On the timeline of history, most of the top mathematicians who stand at the pinnacle of human intelligence have, throughout their lives, endured varying degrees of mental distortion!
Those gods whom mortals looked up to ultimately became sacrifices to the backlash of truth.
Su Hao decisively closed the case database and immediately turned to the clinical intervention and targeted treatment section of psychiatry, beginning to absorb rescue information as quickly as a sponge.
Half an hour later, he breathed a sigh of relief.
This trip was worthwhile.
The existing clinical treatment protocols are much more mature than expected.
The cure rate is over 90%, and the earlier the diagnosis, the better the intervention effect.
In the time of Gödel and Cantor, the concept of pathology did not exist, so medical intervention was out of the question.
Times have changed!
This statistically significant high cure rate greatly reduced his psychological burden.
Long live modern medicine!
After a long period of research, Su Hao finally came to a harsh reality:
He was unable to completely eradicate the obsessive-compulsive disorder that originated deep within his genes.
Since we can't eliminate it, let's tame it and coexist with it!
Su Hao remained calm and composed, without despair.
Instead, like solving an extremely complex equation, they calmly chose a scientific path.
That was the optimal solution he extracted after reading dozens of professional psychology classics: narrative therapy.
Through "externalization," he forcibly separated that out-of-control part of himself from his soul, building a firewall in his mental world.
Don't treat your out-of-control self as an enemy; just treat it as a roommate.
He even gave that morbid soul a name: "Psyduck".
The same uncontrollable magical power within the body makes naming it after Psyduck from Pokémon perfectly fitting.
Psyduck, this little yellow duck, has an obsessive passion for perfect patterns and the beauty of absolute symmetry; it wishes it could number and line up all the atoms in the universe.
Su Hao would set aside some time every night and dedicate it entirely to "Psyduck".
Let it indulge in its madness, let it run wild as it pleases, let it pursue its morbid perfection...

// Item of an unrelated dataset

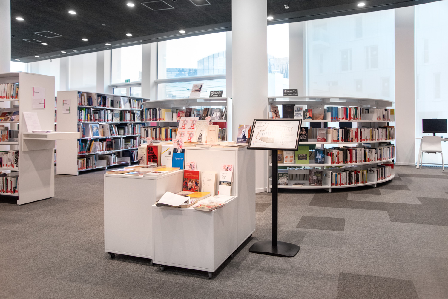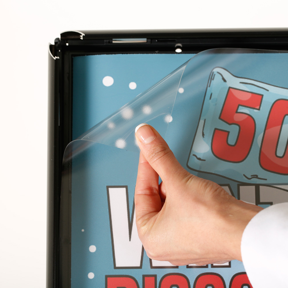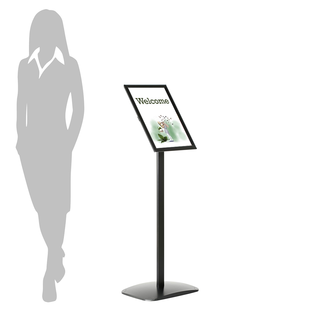 Klickram med 25 mm profil. Stabilt ställ med anti-reflexbehandlad infohållare i plast. Stället är användbart överallt i bibliotekets lokaler samt i entré/reception.

At other times, if Psyduck tries to cross the line, Su Hao will ruthlessly take back control.
After many years of this back-and-forth, compromise, and adjustment...
Gradually, Psyduck ceased to be a harmful entity that caused mental exhaustion; it even became a useful tool.

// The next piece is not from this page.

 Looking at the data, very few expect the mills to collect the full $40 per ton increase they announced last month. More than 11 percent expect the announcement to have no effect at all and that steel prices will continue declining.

Every time Su Hao tries to "outsource" massive amounts of math work to Psyduck, the duck displays unprecedented enthusiasm and efficiency...
......
In the examination hall of the Mathematical Olympiad.
Seeing that there were only ten minutes left, Su Hao made a decision in his heart.

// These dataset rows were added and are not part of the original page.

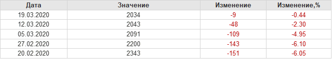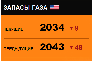 По сообщению статистической службы EIA от 19.03.2020 запасы газа в США на 12.03.2020 составили 2034 млрд. куб. футов. За неделю запасы природного газа в хранилищах упали на 9 млрд. куб. футов. По итогам недели падение запасов газа составило 0.44 процента.
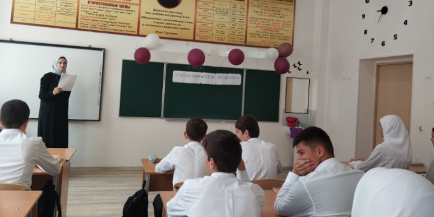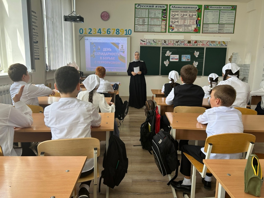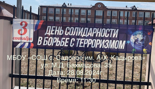 03.09.2024Согласно планам мероприятий, посвященных Дню солидарности в борьбе с терроризмом Администрации Грозненского муниципального района, МУ «Грозненский РОО», плану работы школы, 03.09.2024 в МБОУ «СОШ с.Садовое им А-Х. Кадырова» прошли мероприятия данного тематического содержания.
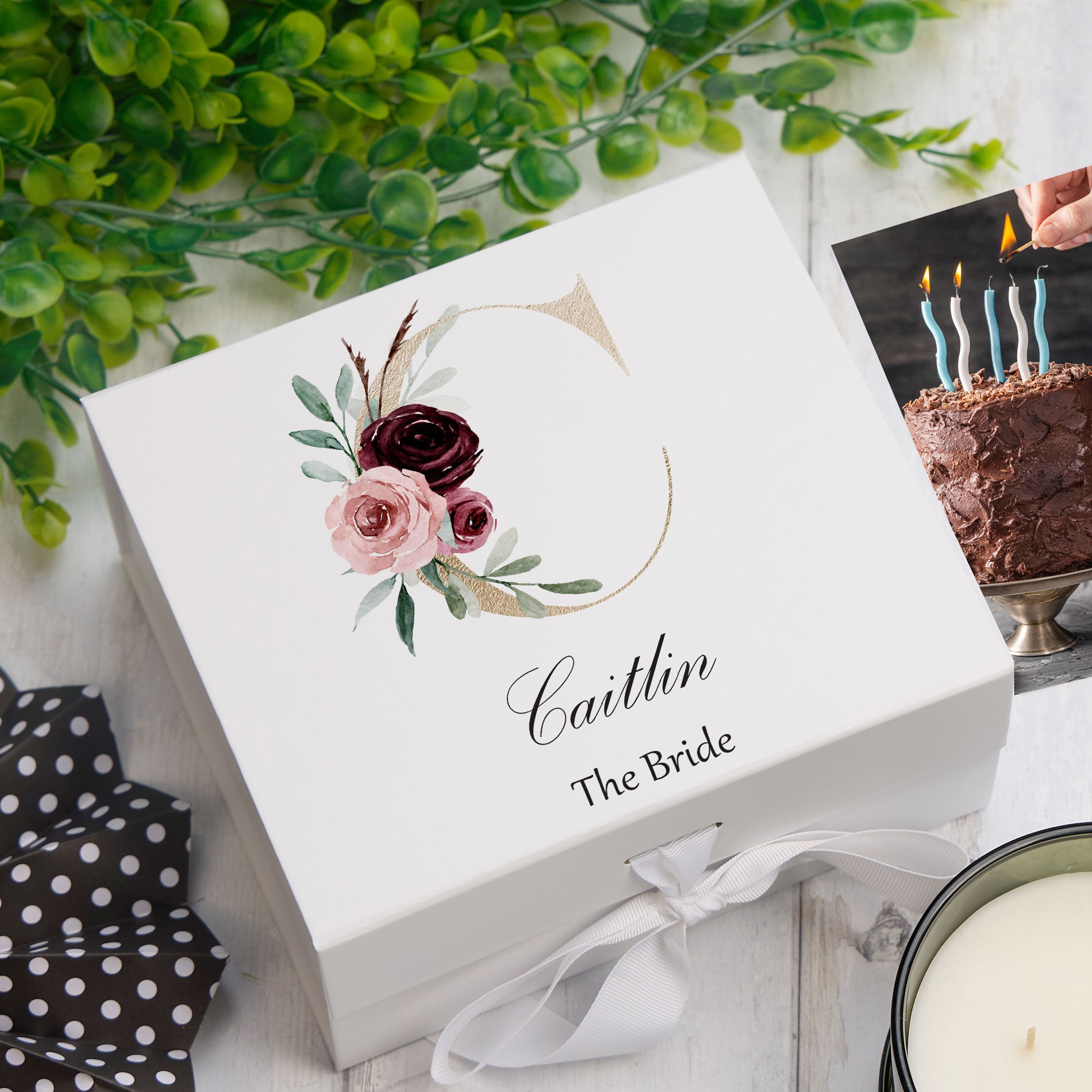 A personalised keepsake box featuring your custom monogram in elegant gold lettering. Ideal for storing jewellery, letters,...

In that deep sea of consciousness, he knocked on Psyduck's door.
There was no movement.
I guess it's because it's not allowed to participate in the entire math Olympiad, and it's throwing a tantrum.
Su Hao wasn't annoyed; he simply asked himself a question quietly in his mind:
You don't want to go back and see Su Hui's red, swollen eyes, do you?
In that instant, Su Hao clearly felt something deep in his mind stir in an extremely subtle way.
The soul lurking deep within his consciousness ultimately bowed before this pure bond.
Like Su Hao, it couldn't bear to see that girl suffer.
With time running out, Su Hao held nothing back and completely opened up the highest level of mind control to Psyduck.
"boom--"
It was as if a sealed barrier had been blasted open, and Su Hao's terrifying computing power, which had been suppressed by his mortal body, was released explosively like a dam bursting!